В июле, с наступлением самой жаркой поры английского лета, явились маляры. В окно спальни к Анне заглянул мужчина в робе. На подоконниках появились чашки чая с молоком. Оставленные кисти плавились под горячими лучами солнца, и через пару-тройку недель дом Анны умилял взор свежевыкрашенными кремовыми боками. Наконец-то и в ее жизнь пришли долгожданные перемены. Но наступил август — и ремонтные работы прекратились. У хозяина дома закончились «средства», и вот уже месяц как ничего не происходило. Пошел уже сентябрь, а половина дома так и стояла вся в трещинах и облупившейся старой краске. Свежевыкрашенная часть стен только подчеркивала безобразный вид недоделанной половины, и нелепое соседство старого с новым производило удручающее впечатление.

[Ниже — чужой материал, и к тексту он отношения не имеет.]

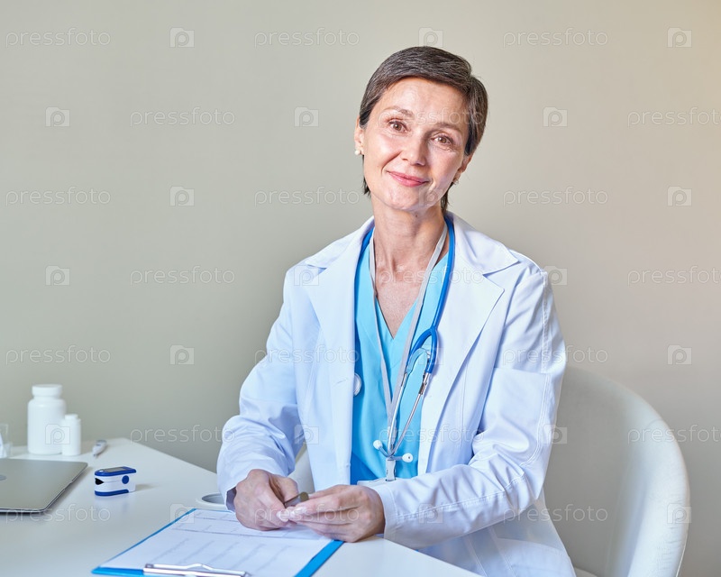 Улыбающаяся женщина-врач средних лет со стетоскопом на плечах в белом халате работает в клинике

Анна принялась искать ключи в сумке. Пока она там рылась, сзади к ней подошел какой-то мужчина. Он пропустил ее первой в подъезд. Интересно, из какой он квартиры? Может, он живет на верхнем этаже? Вообще в доме Анны редко кто задерживался больше, чем на пять недель. В этом доме все квартиры сдавались, потом незаконно пересдавались, а затем перепересдавались беженцам. Анна была знакома только с пожилой женщиной с первого этажа. Однажды, после того как она пригласила пожилую соседку на чашечку чая, они, можно сказать, почти подружились. Анна сочувствовала бедной женщине: в прошлом году у той умерла дочь.

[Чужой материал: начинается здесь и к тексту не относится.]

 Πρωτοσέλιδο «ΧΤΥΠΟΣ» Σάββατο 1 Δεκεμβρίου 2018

— Дети не должны умирать раньше родителей, — с болью в голосе сказала соседка. — Это противоестественно.
— Мне так жаль, — проговорила Анна и протянула ей печенье «Рич Тэй».
— Не надо, не стоит. — Соседка взяла ее за руку. — Я и так очень благодарна тебе за то, что ты поговорила со мной. В наши дни редко кто общается со своими соседями, верно?
Анна проводила соседку до двери ее квартиры. Ей приятно было сознавать, что она помогла кому-то. Неожиданно она почувствовала себя частичкой общества. Давно она не испытывала такого чувства внутреннего единения с другими людьми — со времен последнего Кубка Мира, смерти принцессы Дианы и демонстраций протеста против введения местных налогов. То самое чувство сплоченности, которое поддерживало людей во время войны. Несмотря ни на что Анна все еще верила в Дух Единения, который обязательно возродится, стоит только закрыть все эти пригородные гипермаркеты.
— Знаешь, Мирна, мне кажется, ты тоже должна с ней подружиться, — заметила Анна.
— Зачем? — фыркнула Мирна, склонившись над биографией американского серийного убийцы и поедая пирожные.
— Затем что она интересный человек. И вообще, человек — существо общественное.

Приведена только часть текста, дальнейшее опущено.